▶ TO DO
Omit every picture and return the rest of the data unaltered.

▶ INFORMATION SHOWN
_ _ _ _ _ _ _

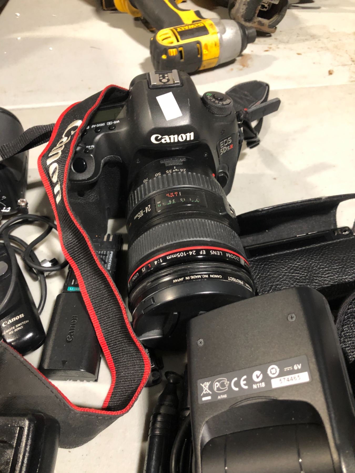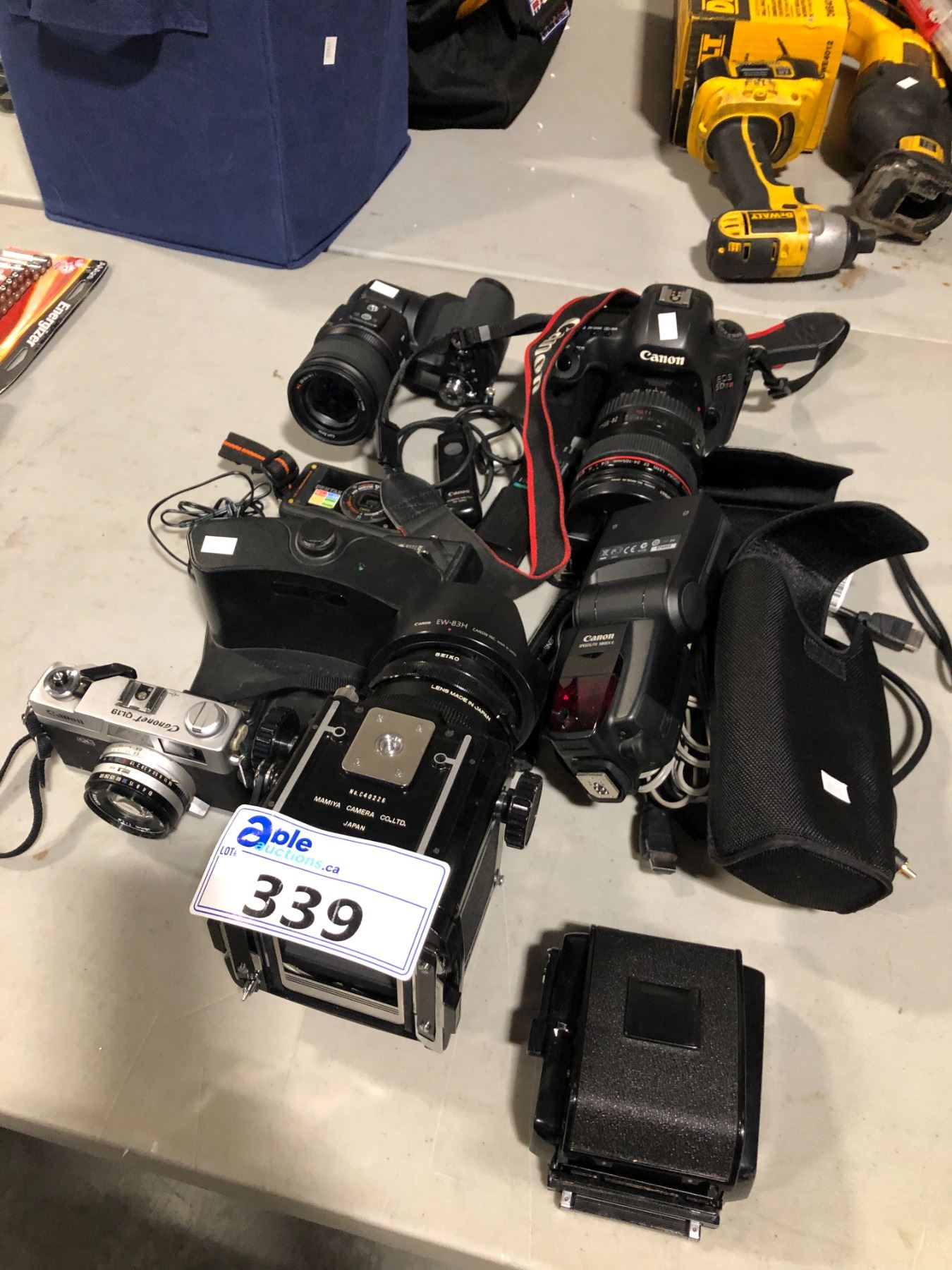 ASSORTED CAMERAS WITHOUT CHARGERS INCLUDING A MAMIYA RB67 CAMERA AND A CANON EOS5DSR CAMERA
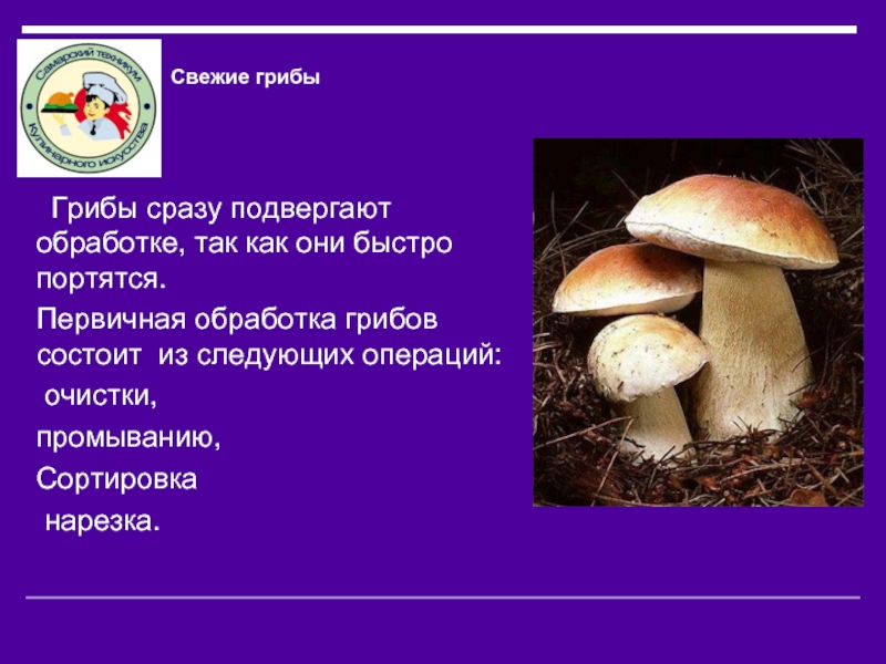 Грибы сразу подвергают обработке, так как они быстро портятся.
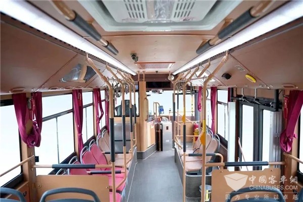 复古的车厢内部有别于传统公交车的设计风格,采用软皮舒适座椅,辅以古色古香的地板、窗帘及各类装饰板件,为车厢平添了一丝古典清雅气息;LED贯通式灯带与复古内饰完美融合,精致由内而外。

_ _ _ _ _ _ _

▶ FINAL ANSWER
 ASSORTED CAMERAS WITHOUT CHARGERS INCLUDING A MAMIYA RB67 CAMERA AND A CANON EOS5DSR CAMERA
 Грибы сразу подвергают обработке, так как они быстро портятся.
 复古的车厢内部有别于传统公交车的设计风格,采用软皮舒适座椅,辅以古色古香的地板、窗帘及各类装饰板件,为车厢平添了一丝古典清雅气息;LED贯通式灯带与复古内饰完美融合,精致由内而外。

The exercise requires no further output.